As interesting as the game's central premise and setting are, the storytelling doesn't always make much sense. Towards the end of the game, when Lara's only goal is to rescue her friend from the cultist leader, she has multiple opportunities to take a clear shot on the leader while he's unaware and undefended. She could literally take the shot, drop down, collect her friend (who was right there with the leader), and walk away with no resistance, but instead she stands around like an idiot and lets the leader escape and mount his defenses before she springs into action, just so that the stakes can escalate towards the climax. It feels so stupid and contrived, and she does it consistently throughout the entire game. 

You have a clear shot at his face. Take the shot. Take the shot.
Why aren't you taking the f**king shot?

The story commands a quick pace, often using the threat of imminent danger to your crew mates as the driving force behind your actions, but the pacing of the story doesn't always mesh well with the pacing of the gameplay. At one point I was fighting my way through enemy territory and Lara randomly decided to stop halfway through and watch video footage on a camcorder she'd been carrying around, which seemed totally out of place considering there were more enemies just a little ways up the path. Later on, cultists kidnap one of your friends planning to use them for a ritual sacrifice, so Lara tells the player "I have to get there and stop them before they kill her!" Except you, the player, don't actually want to do that, because you'd much rather spend the next 20 minutes exploring the area in search of goodies that will help you level-up and improve your weapons before moving on. 

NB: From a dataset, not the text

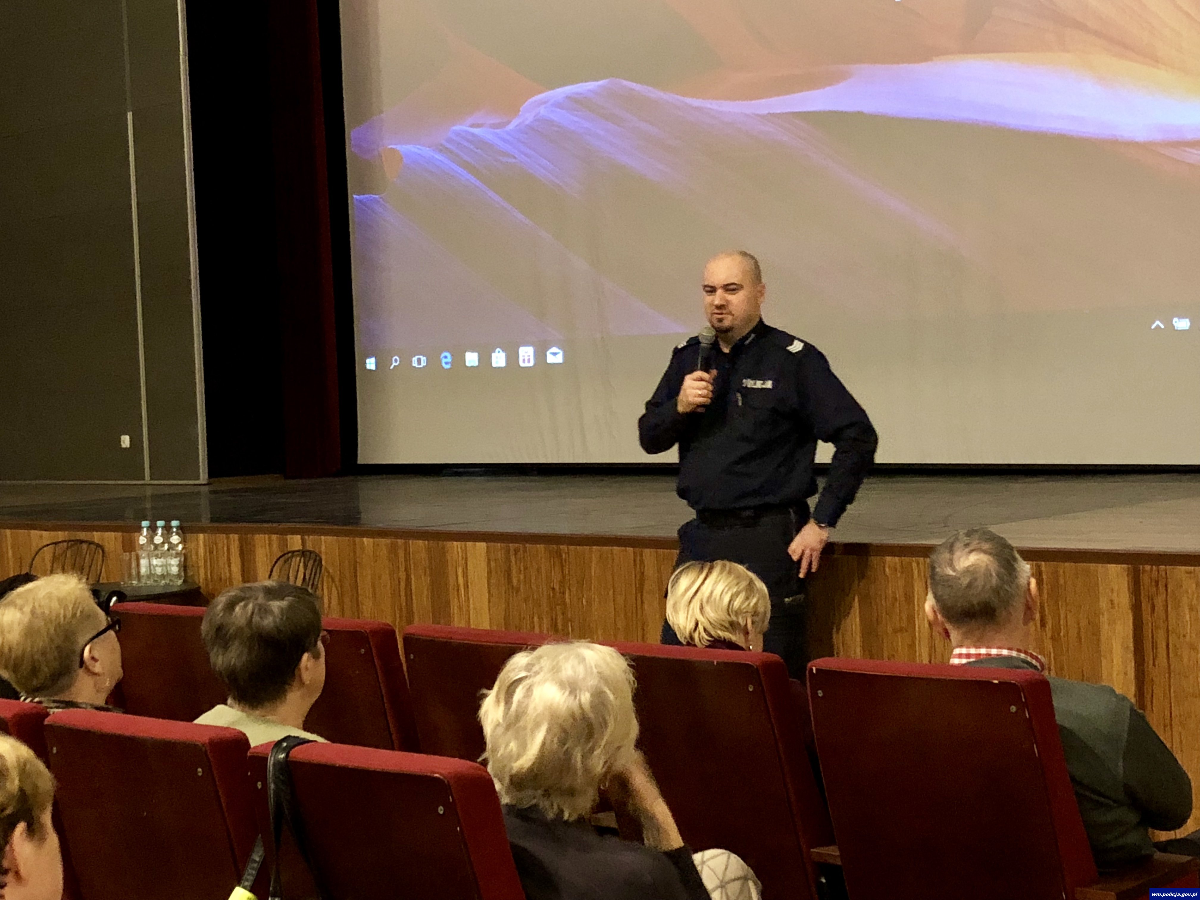 Wczoraj w lidzbarskim domu kultury odbyło się spotkanie policjantów z Komendy Powiatowej Policji w Lidzbarku Warmińskim ze słuchaczami Uniwersytetu III Wieku. Spotkanie przeprowadzili sierż. szt. Łukasz Czerniewski zajmujący się profilaktyką społeczną oraz sierż. szt. Szymon Sirojć – policjant wydziału kryminalnego.
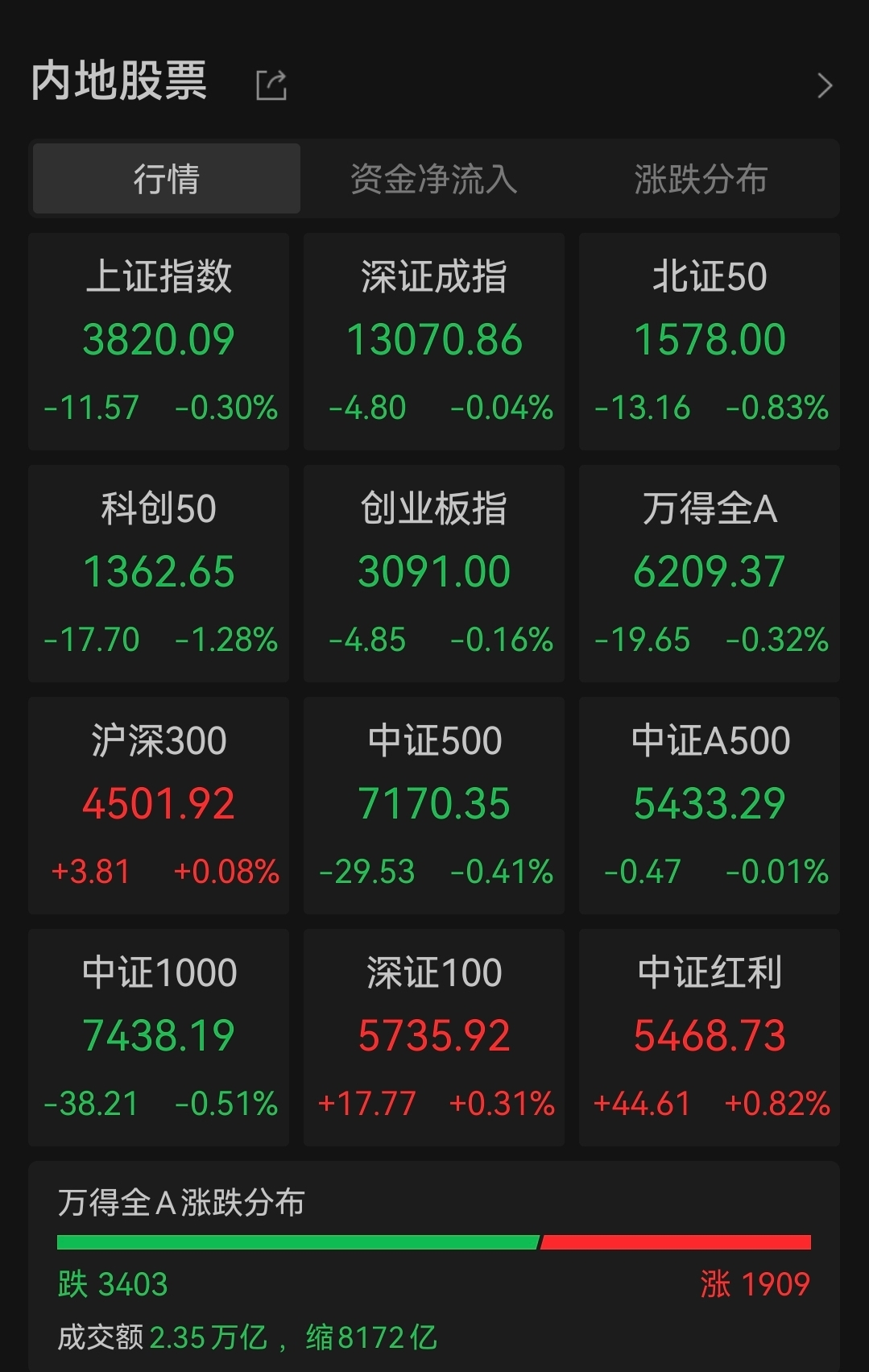 今日A股市场全天震荡走弱,三大指数集体收跌。沪指跌0.30%,深成指跌0.04%,创业板指跌0.16%。量能大幅萎缩,沪深两市成交额2.32万亿,较上一个交易日缩量8113亿。

The game tries to endear you to your crew mates in a very short amount of time so that you'll care about them when bad things happen, but the designers didn't bother to characterize any of them as anybody worth caring about. They're all one stereotype after another -- the gruff and stubborn Scotsman, the strong black woman, the sensitive friend, the computer nerd, the book-smart-but-otherwise-inept scientist, the hardened war veteran, and the big-but-lovable native islander. They never break out from these archetypal molds on screen, and any depth they receive happens off-screen via audio logs, which is too little too late. It was pretty bad when a major character died in Lara's arms, and my first (and only) thought was "oooh, does that mean I can take his pistol and dual-wield now?" 

Combat in Tomb Raider plays like any typical third-person cover-shooter -- you get behind cover, then press the left trigger to pop up and go into aiming mode, and then press the right trigger to shoot, while moving from cover to cover to avoid taking damage. That formula has worked successfully in a number of games, but it just feels too inconsistent in this one -- sometimes it's tense, exciting, and fun, while other times it feels stupidly frustrating. It's generally fine when the enemies stay directly in front of you, but the system falls apart in designed situations where they surround you or come at you from multiple angles.


Since you have no way to control your stances manually, you can only fire your weapons while standing up. Thus, if you're behind a wall of crates being shot at by dudes on the opposite side of your cover and someone moves into your exposed flank, you have to stand up and expose yourself to the enemies you're already protected from in order to shoot the guy on your flank, because the game assumes that you're trying to shoot over the cover, even when you're not. In that situation, you simply cannot shoot the guy on your flank while remaining safely crouched behind cover, and that's exactly what got me killed during the climax of Lara's character development. Since you can't hip fire, either, your only options in that scenario are to take damage (and likely die) or scramble for another cover source.

Trying to take cover behind a small crate, tree, or pillar is infuriatingly difficult, because Lara will often "miss" the coded section of the cover surface and sort of bounce off the edge, leaving you standing around as normal, totally exposed to enemy fire. On a few occasions I had to bumble around a crate for five seconds or more trying to get the game to put me into cover mode before I inevitably died or gave up and tried to find somewhere else to take cover. Lara has a dodge maneuver that will let you scramble and then roll to avoid enemy fire, but I found this maneuver controlled rather oddly, because it causes Lara to quickly scramble in whatever direction she's facing -- not the direction you tilt the stick as you press the button -- which frequently caused me to scramble into enemy fire or out from behind cover. 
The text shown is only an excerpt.